*Data excerpt:*
=== Begin Enclosure ===
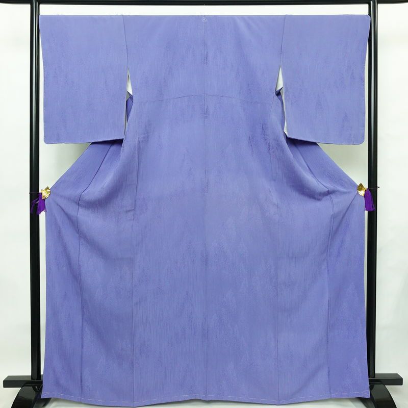風景柄が施されたフォーマルな色無地。一つ紋付きの格式ある仕様で、桔梗色やくすみ青紫の優雅な色調が着物姿を洗練された印象に仕上げます。入学式や卒業式など特別な日の装いにふさわしい美しい一枚です。
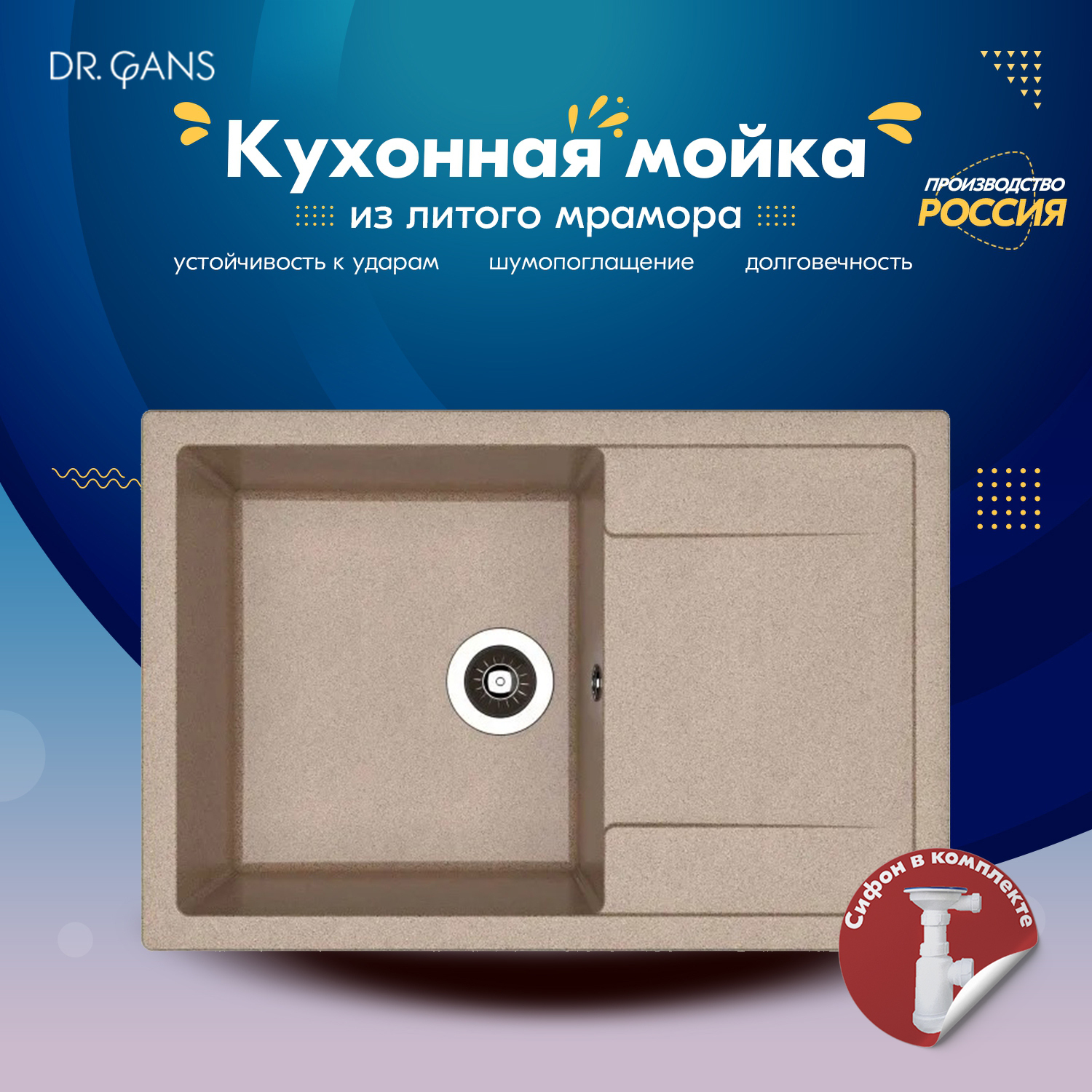 Каменная мойка для кухни врезная Dr. Gans ТЕХНО-860, цвет терра, 860х510х200 мм / раковина для кухни
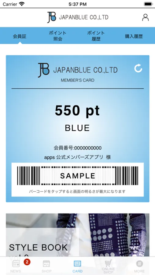 ジャパンブルーの直営店で使用できる会員証や、会員様への特別な情報などをご提供いたします。ぜひアプリをダウンロードしてください。
=== End Enclosure ===
Pictures aside, the material must be written out word for word.

風景柄が施されたフォーマルな色無地。一つ紋付きの格式ある仕様で、桔梗色やくすみ青紫の優雅な色調が着物姿を洗練された印象に仕上げます。入学式や卒業式など特別な日の装いにふさわしい美しい一枚です。
 Каменная мойка для кухни врезная Dr. Gans ТЕХНО-860, цвет терра, 860х510х200 мм / раковина для кухни
 ジャパンブルーの直営店で使用できる会員証や、会員様への特別な情報などをご提供いたします。ぜひアプリをダウンロードしてください。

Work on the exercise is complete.